I have my information from the ECMA registry of character sets,
and I really doubt that these informations are incorrect or
that I have misread them.

> =}None of these values have the nice property of having ASCII 'c'
> =}extend into these values when loading as a 16-bit or 32-bit int.

>   See above...

My points still hold. You could have troubles handeling widechar
characters in clean 16-bit de jure standards. Apparantly people
out there don't program widechars in these character sets (true 16-bit),
But always combine with other character sets.

> =}think there is a problem
> =}and they have not yet been able to solve it.

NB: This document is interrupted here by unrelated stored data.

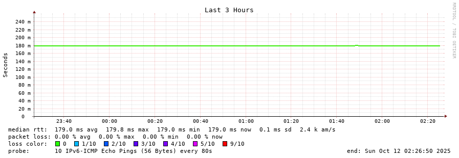 16 > 2001:978:2:5e::17:1 (2001:978:2:5e::17:1) [AS174] 179.395ms 179.345ms 179.357ms
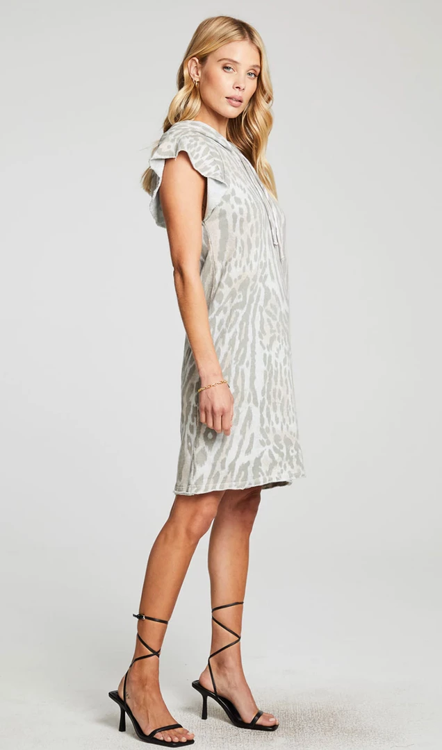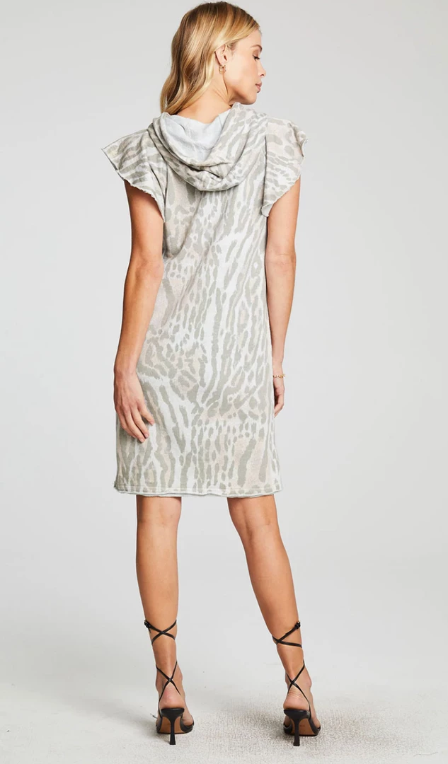 Our Linen French Terry Flutter Sleeve Hooded Sweatshirt Dress features imported fabric.
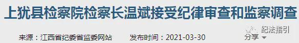 據(jù)江西省紀(jì)委監(jiān)委消息:上猶縣檢察院檢察長溫斌涉嫌嚴(yán)重違紀(jì)違法,目前正接受贛州市紀(jì)委市監(jiān)委紀(jì)律審查和監(jiān)察調(diào)查。
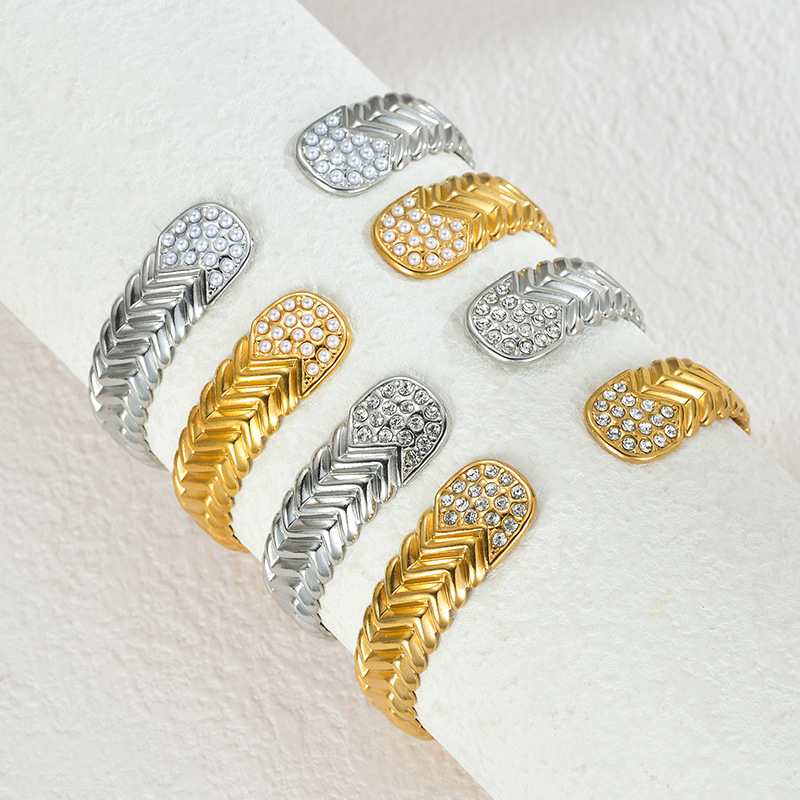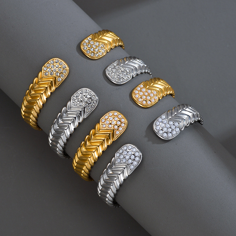 - Edelstahl Armreif, 304 Edelstahl, mit Strass
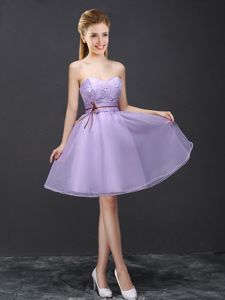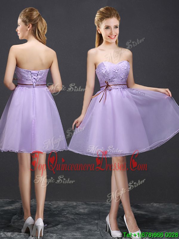 Glittering Mini Length Lace Up Quinceanera Court Dresses Lavender and In for Prom and Party and Wedding Party with Lace
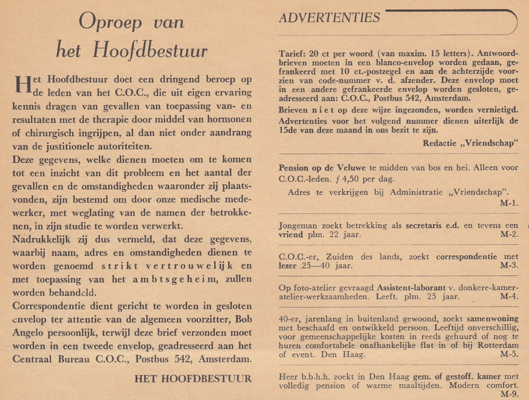 * Uiterst zeldzame, vroege jaargang van dit maandblad voor homoseksuelen, met veel informatie over het C.O.C. en veel fraaie foto’s en tekeningen (o.a. van Aristide Maillol, ‘Philip, Chicago’, Paul Cadmus, Siegfried, Michelangelo, Bernardino del Boca di Villaregia, Mario de Graaf en Godfried de Groot). Ook met de ‘C.O.C.Tail’: de agenda van de verschillende afdelingen (Amsterdam, Den Haag, Rotterdam, Groningen en Utrecht) en met heel beschaafde advertenties. Onder meer over André Gide, C. van Emde Boas, Jean Cocteau, het Internationaal Congres, Simon Vestdijk, 50 jaar homogeschiedenis, het vijfjarig lustrum met vele felicitaties en talloze andere grote en kleine artikelen met veel aandoenlijke inkijkjes in het moeizame, maar met sprankjes humor gedecoreerde leven van homoseksuelen anno 1951.
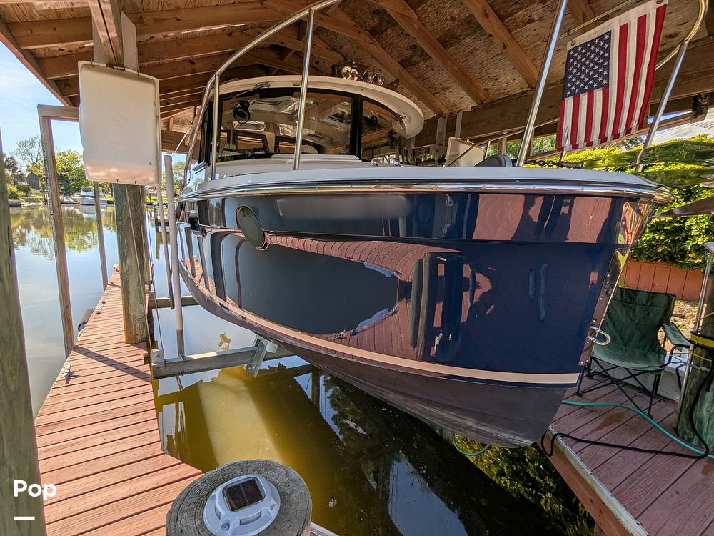 The 2020 Ranger Tugs is in great condition, with all features and accessories functioning as described by the seller. This boat has been very well maintained and is stored under a covered boat lift. The hull shines with no scratches. The interior is equally impressive, although the vinyl seating shows a little wear.
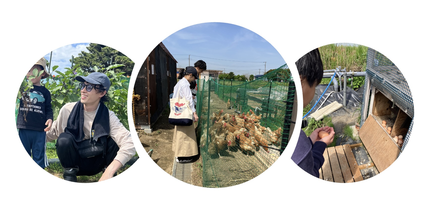 4月の田植えから年間の活動がスタートし、8月の収穫までは雑草を抜く作業をメインとしています。毎回帰りには、農園で育てている野菜(ミント、ルッコラ、枝豆、ミニトマトなど季節によりさまざま)を収穫したり、農園で飼育されている鶏の卵を持ち帰らせていただいています。

>   A problem with ISO 10646? A problem with the 'East-asian de jure'
>character sets in reference to wchar_t? 

WG14 has got a letter from SC2 pointing out an apparant problem with
10646, that the characters in the C repertoire in 10646 canonical form
was different from a sign-extended single-byte character. I have been
actioned by WG14 to respond to SC2.

>   Your apparent knowledge of the JIS standard shows you have little
>room to point...
 
Well, my knowledge can always be improved. Still the facts I have
represented on 16-bit character sets are true. They may be
irrelevant as the usage is done in combination with other character sets 
in an encoding. And the whole problem with 10646 (and other multibyte
character sets) usage in widechar strings may be non-existing.
I really hope there is no problem, then we do not need to make
changes anywhere. But we should write some explanations on how this
is supposed to function, as quite some people have had problems
with this. I think the best place to write such interpretations is in
the forthcoming ISO C addendum.

Keld Simonsen